> **TASK TO COMPLETE**
Copy the listing below letter for letter, passing over each picture.

### DATA BELOW

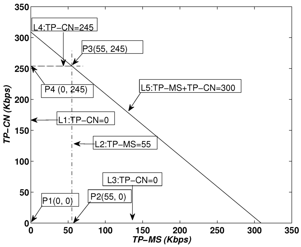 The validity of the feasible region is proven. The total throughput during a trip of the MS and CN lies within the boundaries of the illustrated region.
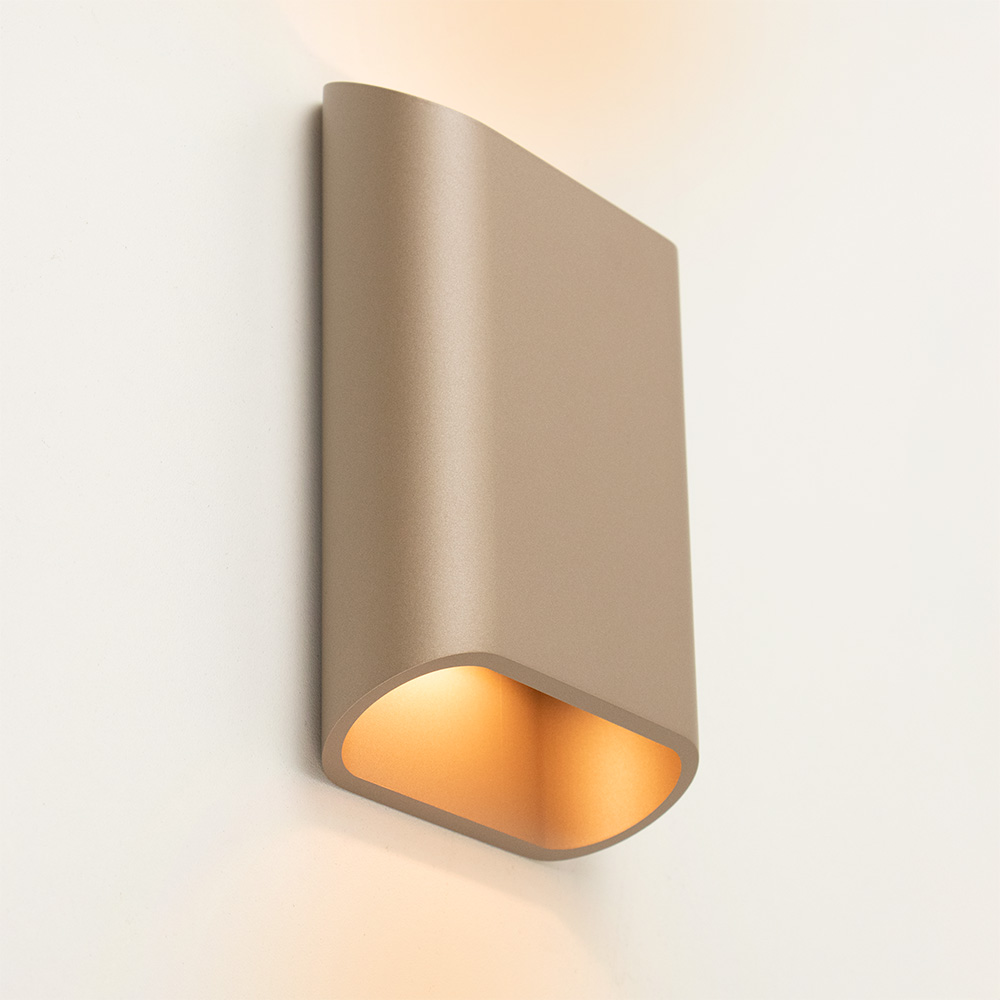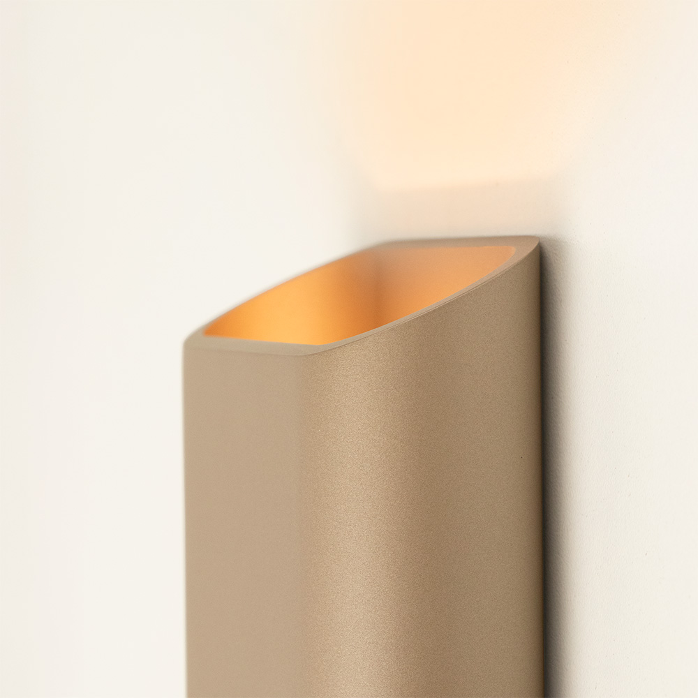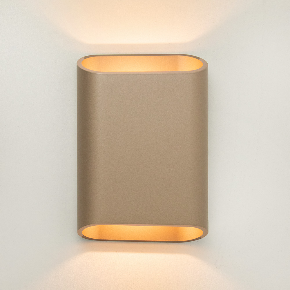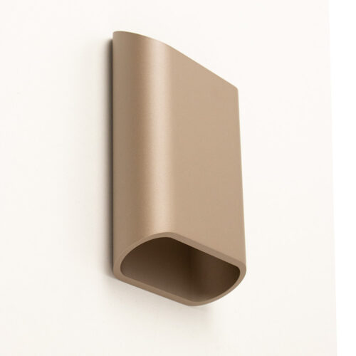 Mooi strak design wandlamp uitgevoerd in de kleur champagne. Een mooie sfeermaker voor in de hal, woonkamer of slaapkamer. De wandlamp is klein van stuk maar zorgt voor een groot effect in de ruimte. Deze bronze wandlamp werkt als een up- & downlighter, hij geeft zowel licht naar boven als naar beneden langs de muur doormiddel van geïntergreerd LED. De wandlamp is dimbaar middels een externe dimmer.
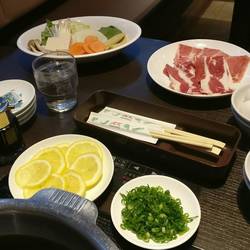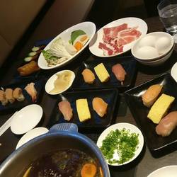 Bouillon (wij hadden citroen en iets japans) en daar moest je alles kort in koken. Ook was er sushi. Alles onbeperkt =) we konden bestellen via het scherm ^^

######

> **TASK RESPONSE**
 The validity of the feasible region is proven. The total throughput during a trip of the MS and CN lies within the boundaries of the illustrated region.
 Mooi strak design wandlamp uitgevoerd in de kleur champagne. Een mooie sfeermaker voor in de hal, woonkamer of slaapkamer. De wandlamp is klein van stuk maar zorgt voor een groot effect in de ruimte. Deze bronze wandlamp werkt als een up- & downlighter, hij geeft zowel licht naar boven als naar beneden langs de muur doormiddel van geïntergreerd LED. De wandlamp is dimbaar middels een externe dimmer.
 Bouillon (wij hadden citroen en iets japans) en daar moest je alles kort in koken. Ook was er sushi. Alles onbeperkt =) we konden bestellen via het scherm ^^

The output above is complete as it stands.